Examples on getting started with dstack.
In this tutorial, we will learn how to fine-tune a bert-base-cased
model on GLUE MRPC
dataset on AWS infrastructure. We will use dstack workflows
to run our jobs on a cpu, single-gpu and multiple-gpu instances.
To use on-demand runners, go to the Settings, then AWS.
Here, you have to provide AWS Access Key ID and AWS Secret Access Key that have the corresponding permissions to create EC2 instances in your AWS account.
Once you've provided credentials, use the Add limit button to configure limits:
The configured Limits represent the maximum number of EC2 instances of the specific Instance Type and in the specific Region, that dstack can create at one time to run workflows.
Now, to be able to run workflows, install and configure the dstack CLI:
pip install dstack -U
dstack config --token <token>
Your token value can be found in Settings:
In this tutorial, we'll run workflows defined in github.com/dstackai/dstack-examples.

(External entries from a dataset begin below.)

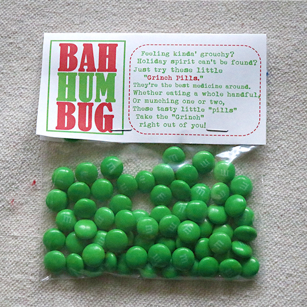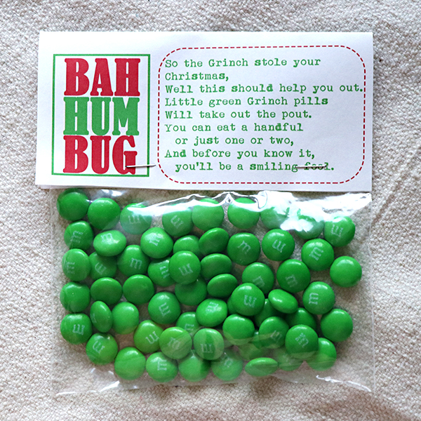 I used 5 inch square snack baggies, but I made the bag topper in two sizes, the second for standard sandwich bags because they are commonly found. I printed on regular paper and stapled it to the bag to keep the project simple. Cardstock or other papers of your choice could be used. I bought Christmas M & M's and separated the green from the red because the Grinch himself is green. After I printed, I cut the paper in half (there are two prints per piece of paper) and then folded the design in half before cutting so that the edges would be even. Because I used regular paper, I could see through the paper to line up the edges of the design.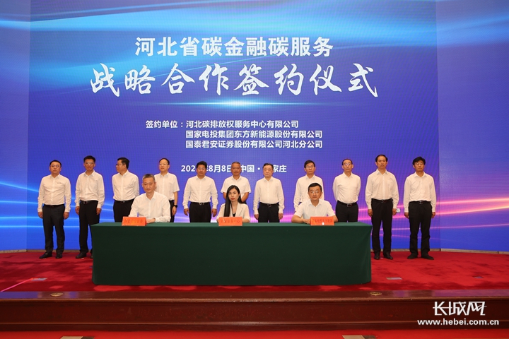 长城网讯(记者 高航)碳达峰碳中和是生态文明建设的历史性任务。为进一步加快碳市场建设,推动绿色金融发展,提升碳市场服务水平,8月8日上午,91直播-国产视频-麻豆传媒视频 在石家庄市举办河北省碳金融碳服务战略合作签约仪式。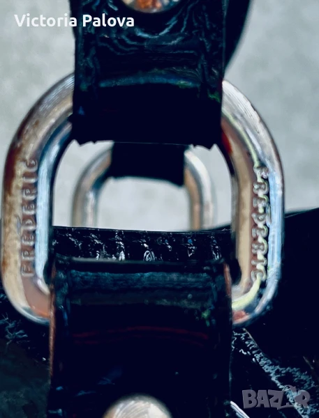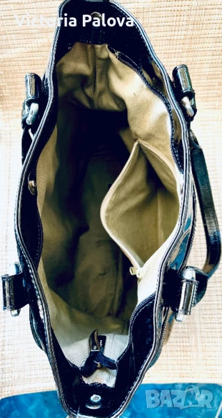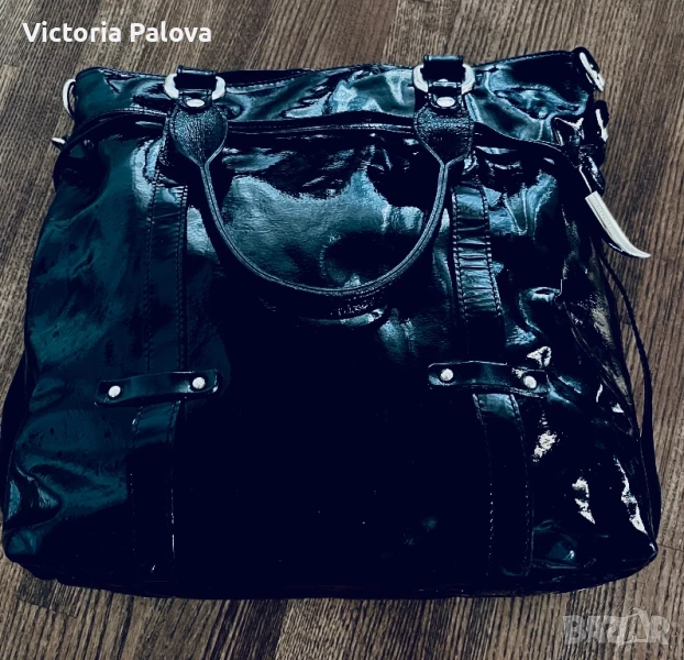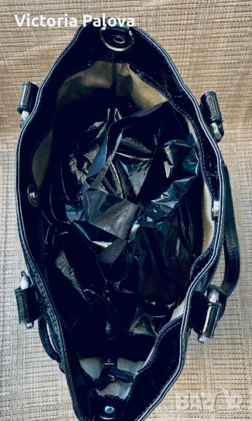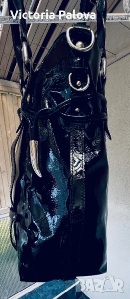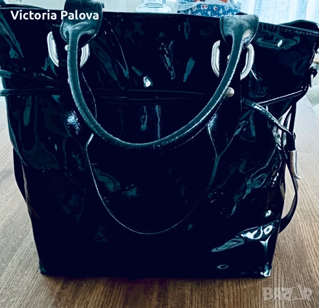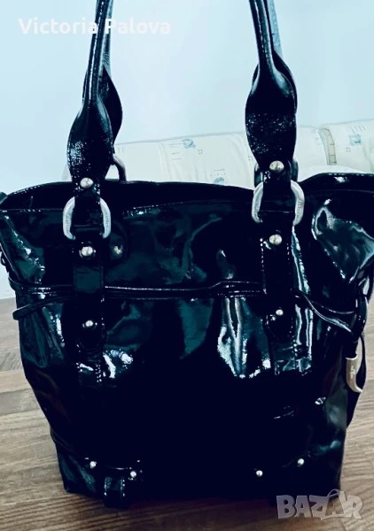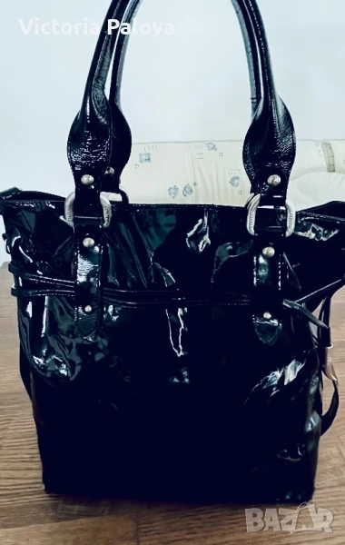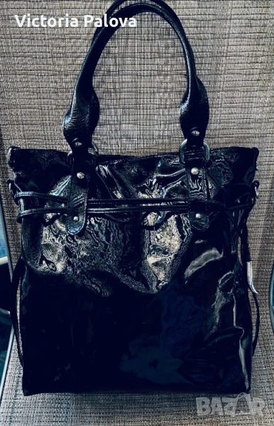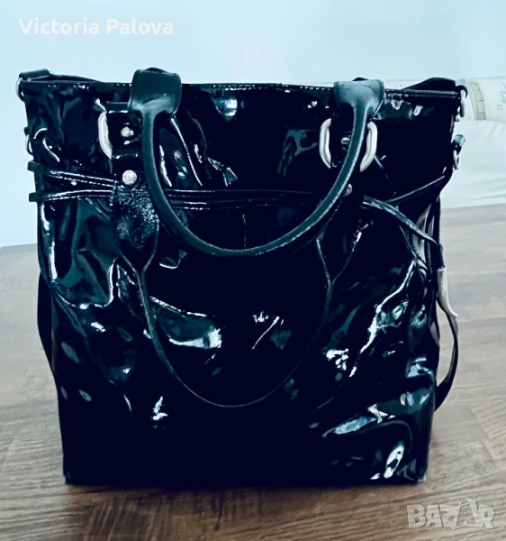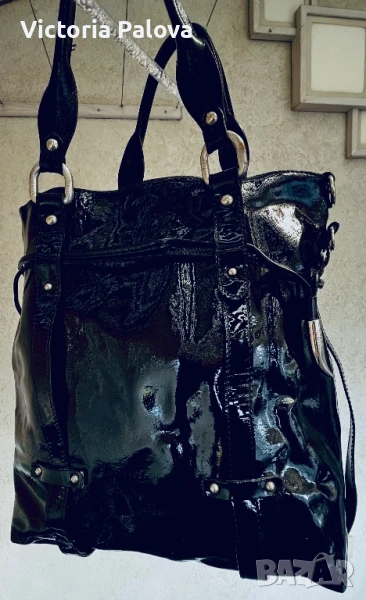 Красива лачена чанта естествена кожа, удобна и вместителна, височина - 34см, широка - 34см. Дъното е 34см на 14см, твърди дръжки 42см, вътре е джоб с цип, на всички метални елементи има маркировка- логото на марката, чантата се затваря с цип и магнитно копче.

git clone https://github.com/recohut/dstack-examples
cd dstack-examples
This project includes 4 workflows. Two of them are for MNIST project (which was also covered in Quickstart tutorial) and the other two workflows - download-gluemrpc
and finetune-gluemrpc
are the ones we will use in this tutorial. The download-gluemrpc
workflow downloads the GLUE MRPC dataset using HF Datasets
library and stores it into data
artifact folder. The second workflow finetune-gluemrpc
then loads the data from that same artifact folder and fine-tunes the bert-base-cased
model using it. After fine-tuning, we stores the model in the model
artifact folder, from which we can download our trained model easily.
workflows:
- name: download-gluemrpc
provider: python
requirements: src/gluemrpc/requirements.txt
python_script: src/gluemrpc/download.py
artifacts:
- data
- name: finetune-gluemrpc
provider: python
requirements: src/gluemrpc/requirements.txt
python_script: src/gluemrpc/finetune.py
depends-on:
- download-gluemrpc:v0.0.2
artifacts:
- model
resources:
gpu: ${{ fgpu }}
Go ahead, and run the download-gluemrpc
workflow using the following command:
dstack run download-gluemrpc
This single command will spin-up a docker inside one of the runner instances on AWS, install the libraries, run the src/gluemrpc/download.py
script inside that spinned-up docker, saves the data in the data
folder and maintains/shows the logs in dstack gui (https://dstack.ai/runs). Once the Job gets completed, it will look like this:
You can see that we have tag also. This tag will help us in running the next workflow when we will fine-tune the model. To add a tag to any run, we need to know the run name first. In this case, our run name is soft-turkey-1
, so we can execute the following command to add the tag:
dstack tag -n v0.0.2 soft-turkey-1
Now, we will run the fine-tune workflow finetune-gluemrpc
.
You can use the following command to run it:
dstack run finetune-gluemrpc
If you want to change any of the variables, you can do that in .dstack/variables.yaml, or from the CLI.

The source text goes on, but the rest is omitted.